Harrington is less clear than Perry in her prescriptions. She targets hormonal birth control and abortion as offending technologies but does not call for their banning, preferring a grassroots culture shift to top-down edicts. Her most compelling thinking is around a sex-realist vision for working women. She asks her readers to look not to the homemakers of the 1950s but to pre-industrial families where cottage industries allowed women and men to work in the home, and where labouring, earning money, and childbearing were all compatible at once.
These books are primarily critiques, and for good reason. The liberal feminist paradigm has been so dominant that before it is replaced, it must be systematically dismantled. Harrington and Perry both do so quite convincingly. Evocative examples of the hypocrisy we live with, which champions women’s rights but stands idly by while female bodies are sold for sex, which calls out #MeToo-style sexual harassment but allows natal male violent offenders in women’s prisons, and which champions #girlboss feminism but seeks to split women off from pregnancy and mothering, treating children and motherhood as inconvenient inefficiencies.

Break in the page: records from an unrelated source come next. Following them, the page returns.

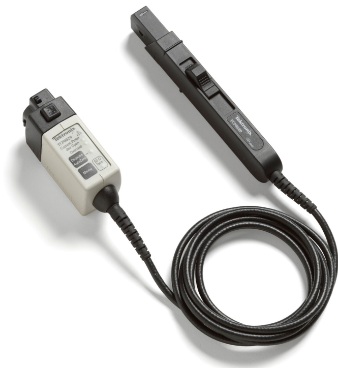
TCP0020 AC/DC Current Probe.
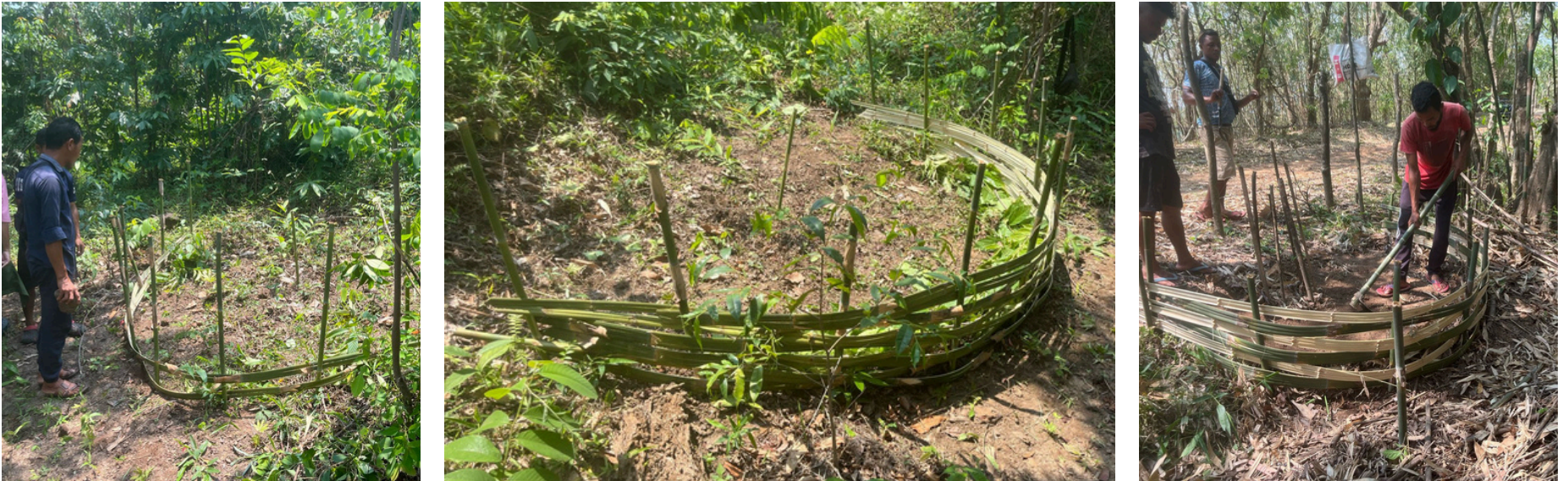
Ongoing halfmoon terracing work in Darengagre and Rangdapara Village, Dalu Block
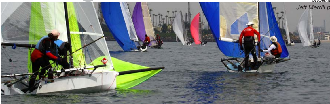
International 14s work their way downwind. Breeze was light in outer Long Beach Harbor Saturday.
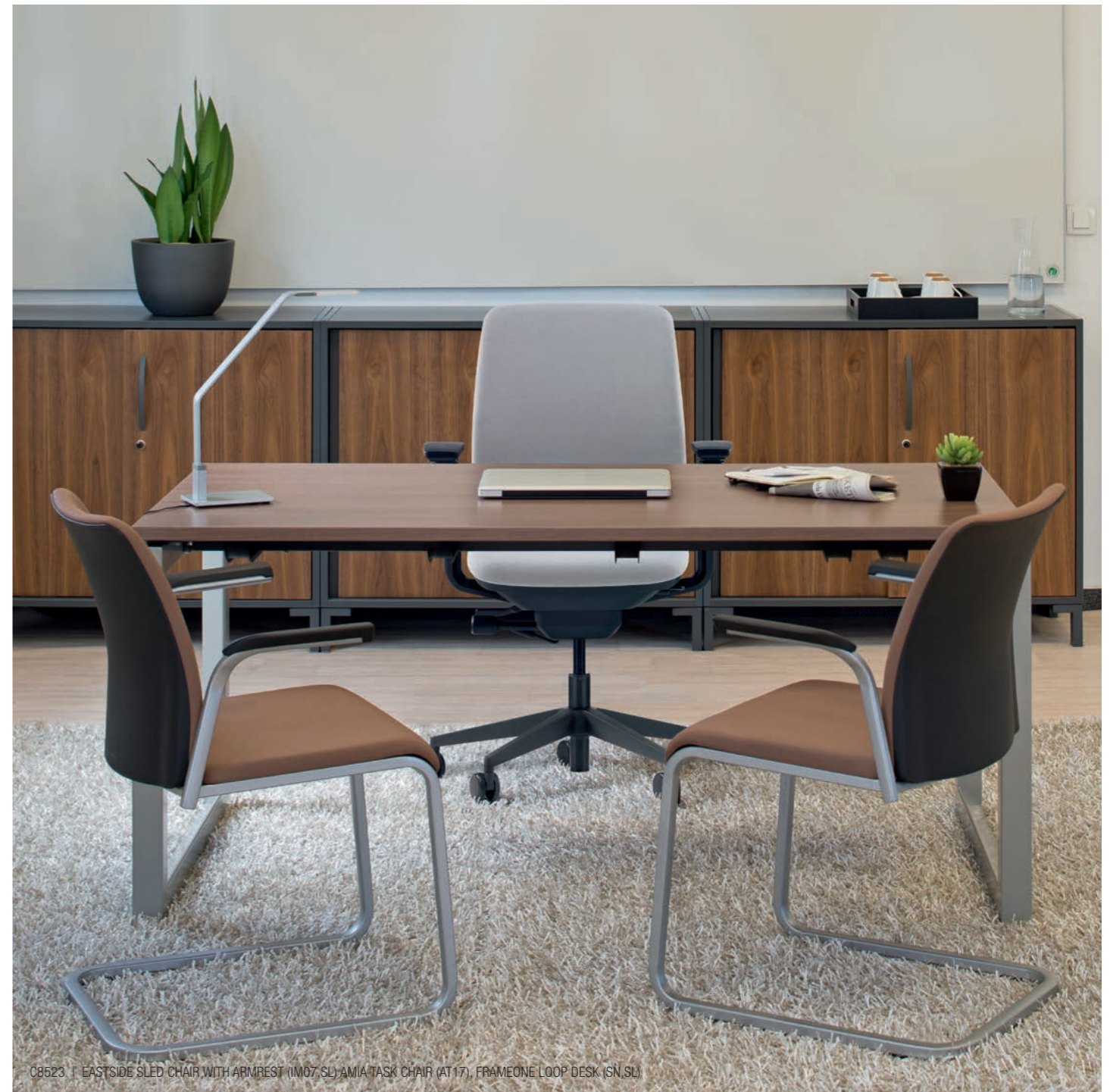
C8523 | EASTSIDE SLED CHAIR WITH ARMBEST (1M07, SL) | AMIA TASK CHAIR (AT17) | FRAMEONE LOOP DESK (SN, SL)

With its elegant touch and modern design, Eastside matches the task chairs ranges and can be used as a visitor chair.
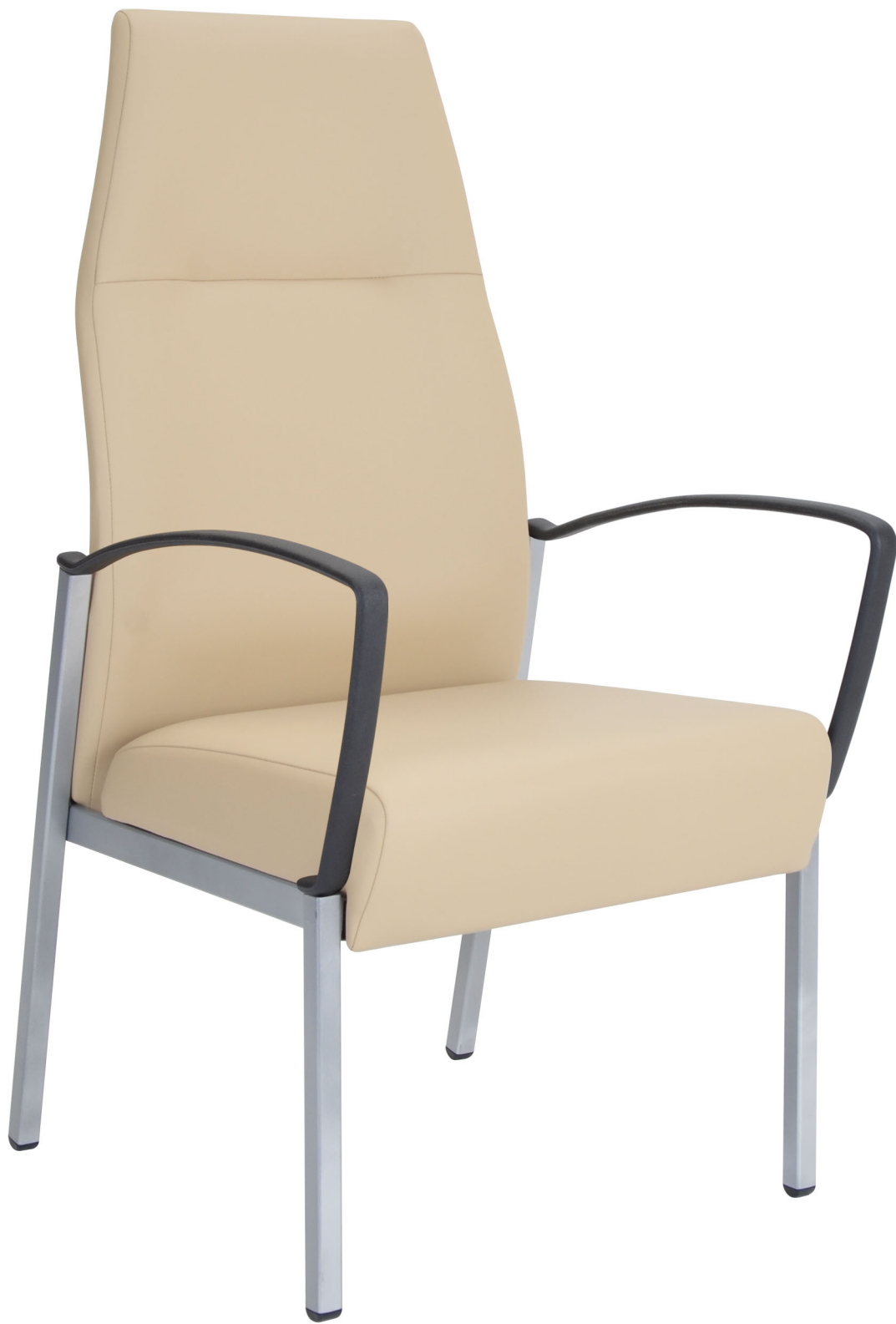
Cobra Patient 21"
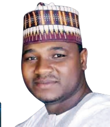
Hon. Murtala Usman Banye, Batagarawa/Charanchi/Rimi Constituency
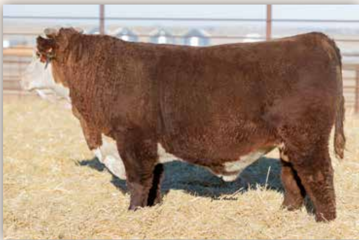
MH BN 729 SLINGSHOT 2763
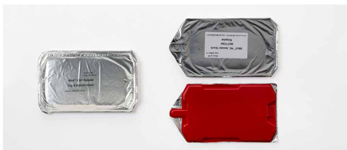
Figure 3. Single plastic tray for packaging of the regular-size iBlot 2 Transfer Stacks (left) vs. two plastic trays for packaging of the original iBlot Transfer Stacks (right).
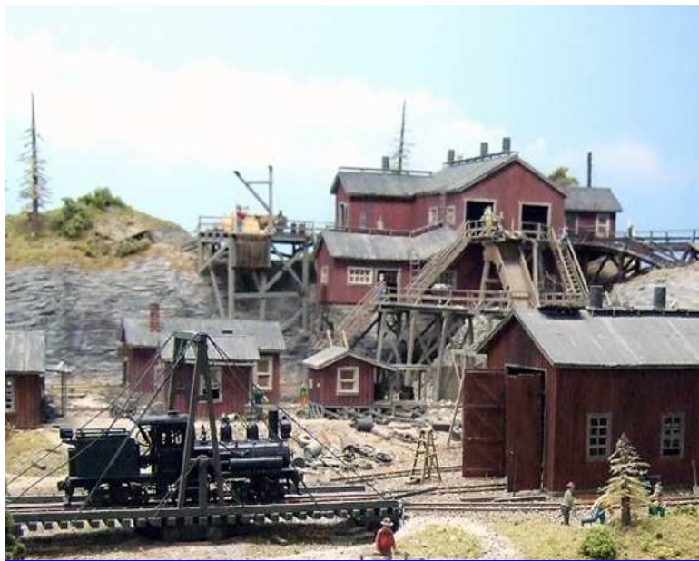
West Virginia coal mining as it was.
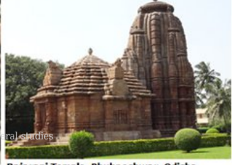
Rajarani Temple, Bhubaneswar, Odisha

Modern women will rightly question any worldview which might appear to want to turn back the clock and devalue their personhood. But the sex-realist feminists are quite serious not only about prosecuting the case against liberal feminism but about articulating new, better advice for women living in the world today, and for society at large to treat women ethically. It would be fair enough for readers to find their suggestions wanting—after all, they’re charting new territory.
But no reader will put these books down thinking the old orthodoxy, that women should just behave more like men, and that if we try hard enough, we can erase problematic sex differences and set women free, isn’t sorely lacking.